*Entries taken from a collection*.
□ □ □ □

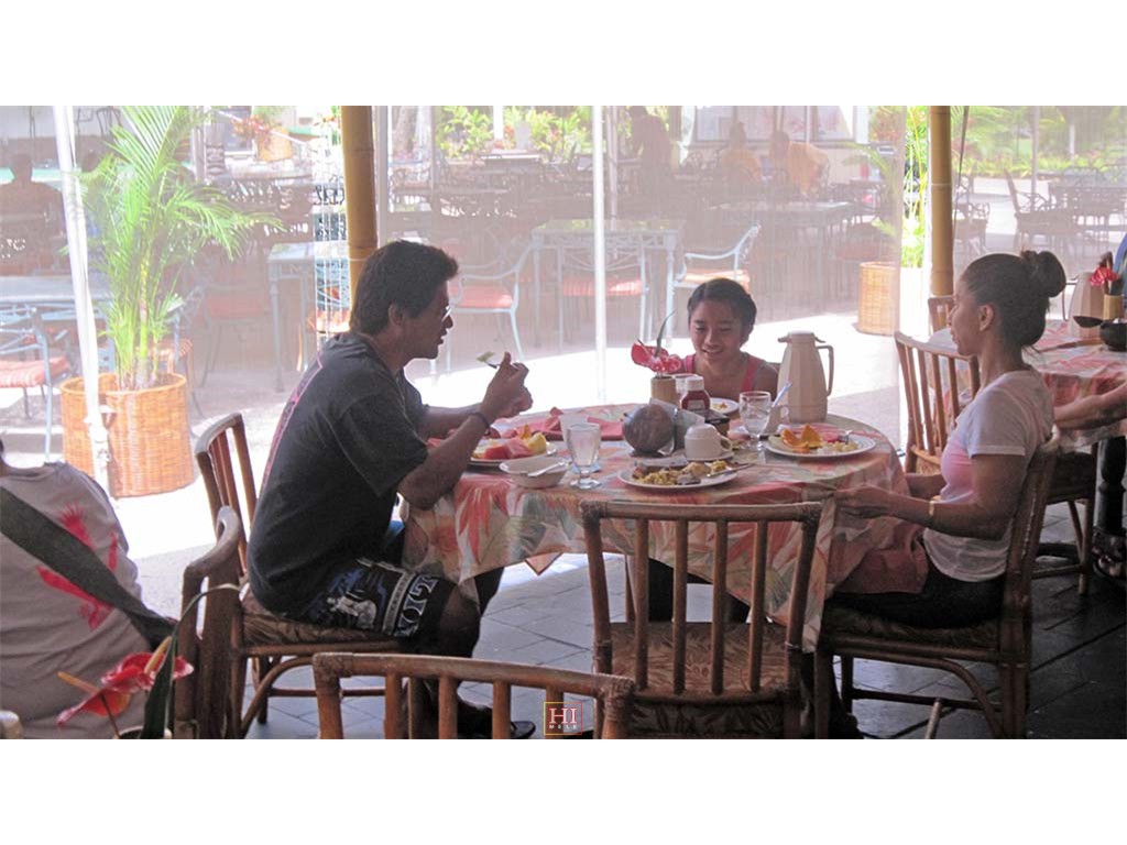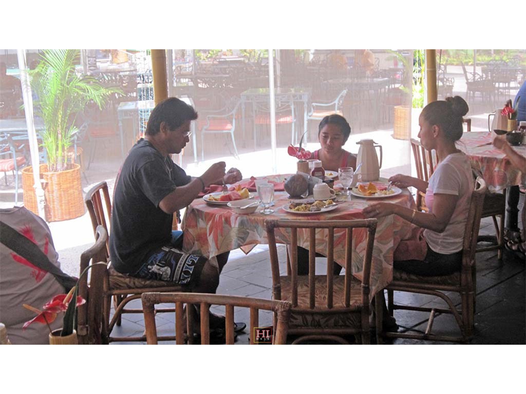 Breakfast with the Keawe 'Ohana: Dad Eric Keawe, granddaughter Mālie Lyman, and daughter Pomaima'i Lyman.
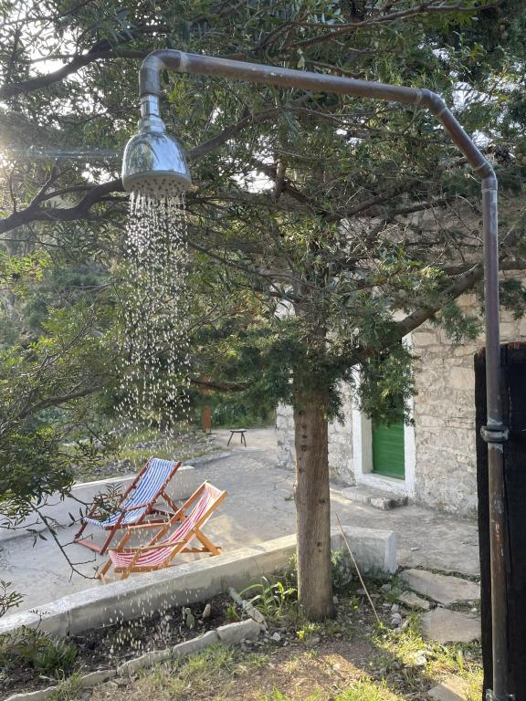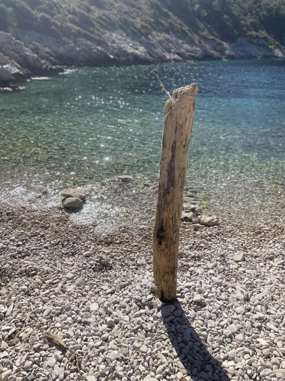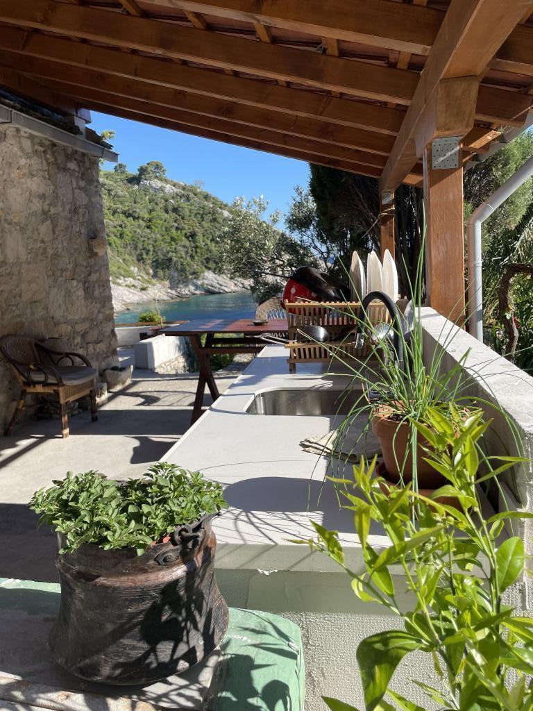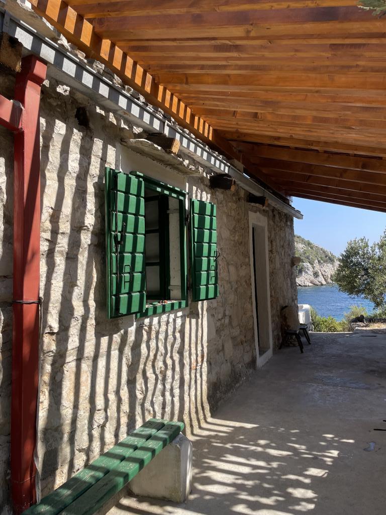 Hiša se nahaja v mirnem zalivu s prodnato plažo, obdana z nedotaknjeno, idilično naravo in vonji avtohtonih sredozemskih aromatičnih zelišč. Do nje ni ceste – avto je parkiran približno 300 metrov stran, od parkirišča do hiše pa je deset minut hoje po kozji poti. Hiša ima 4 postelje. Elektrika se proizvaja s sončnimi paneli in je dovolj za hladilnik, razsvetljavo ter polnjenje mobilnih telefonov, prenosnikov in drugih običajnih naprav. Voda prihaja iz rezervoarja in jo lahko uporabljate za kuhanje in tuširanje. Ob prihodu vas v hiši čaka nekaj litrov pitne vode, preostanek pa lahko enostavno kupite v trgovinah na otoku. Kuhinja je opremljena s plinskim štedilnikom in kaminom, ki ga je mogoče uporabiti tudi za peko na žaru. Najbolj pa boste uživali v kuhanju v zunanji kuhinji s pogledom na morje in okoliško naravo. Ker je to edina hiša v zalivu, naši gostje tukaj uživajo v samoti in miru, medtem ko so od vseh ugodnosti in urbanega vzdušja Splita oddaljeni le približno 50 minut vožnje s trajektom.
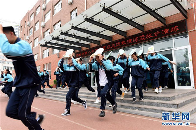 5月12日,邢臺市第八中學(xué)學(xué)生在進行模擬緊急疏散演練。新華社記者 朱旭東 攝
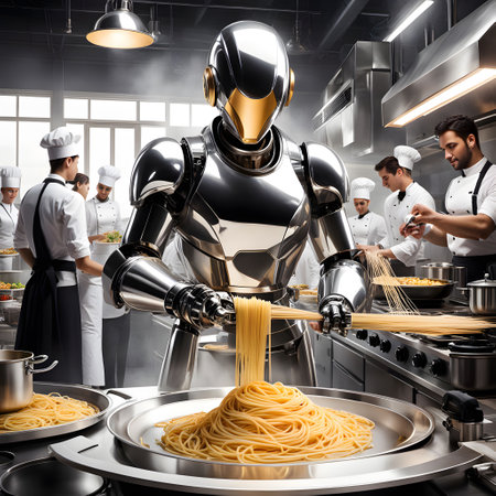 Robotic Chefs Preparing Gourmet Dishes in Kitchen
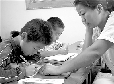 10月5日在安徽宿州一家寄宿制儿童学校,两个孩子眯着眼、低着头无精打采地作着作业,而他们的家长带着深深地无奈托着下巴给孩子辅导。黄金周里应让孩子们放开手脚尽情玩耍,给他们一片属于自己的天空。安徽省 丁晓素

□ □ □ □

*WHAT YOU ARE ASKED TO DO*.
Could you please repeat the entries above exactly, with every picture left out?

*WRITTEN RESPONSE*.
 Breakfast with the Keawe 'Ohana: Dad Eric Keawe, granddaughter Mālie Lyman, and daughter Pomaima'i Lyman.
 Hiša se nahaja v mirnem zalivu s prodnato plažo, obdana z nedotaknjeno, idilično naravo in vonji avtohtonih sredozemskih aromatičnih zelišč. Do nje ni ceste – avto je parkiran približno 300 metrov stran, od parkirišča do hiše pa je deset minut hoje po kozji poti. Hiša ima 4 postelje. Elektrika se proizvaja s sončnimi paneli in je dovolj za hladilnik, razsvetljavo ter polnjenje mobilnih telefonov, prenosnikov in drugih običajnih naprav. Voda prihaja iz rezervoarja in jo lahko uporabljate za kuhanje in tuširanje. Ob prihodu vas v hiši čaka nekaj litrov pitne vode, preostanek pa lahko enostavno kupite v trgovinah na otoku. Kuhinja je opremljena s plinskim štedilnikom in kaminom, ki ga je mogoče uporabiti tudi za peko na žaru. Najbolj pa boste uživali v kuhanju v zunanji kuhinji s pogledom na morje in okoliško naravo. Ker je to edina hiša v zalivu, naši gostje tukaj uživajo v samoti in miru, medtem ko so od vseh ugodnosti in urbanega vzdušja Splita oddaljeni le približno 50 minut vožnje s trajektom.
 5月12日,邢臺市第八中學(xué)學(xué)生在進行模擬緊急疏散演練。新華社記者 朱旭東 攝
 Robotic Chefs Preparing Gourmet Dishes in Kitchen
 10月5日在安徽宿州一家寄宿制儿童学校,两个孩子眯着眼、低着头无精打采地作着作业,而他们的家长带着深深地无奈托着下巴给孩子辅导。黄金周里应让孩子们放开手脚尽情玩耍,给他们一片属于自己的天空。安徽省 丁晓素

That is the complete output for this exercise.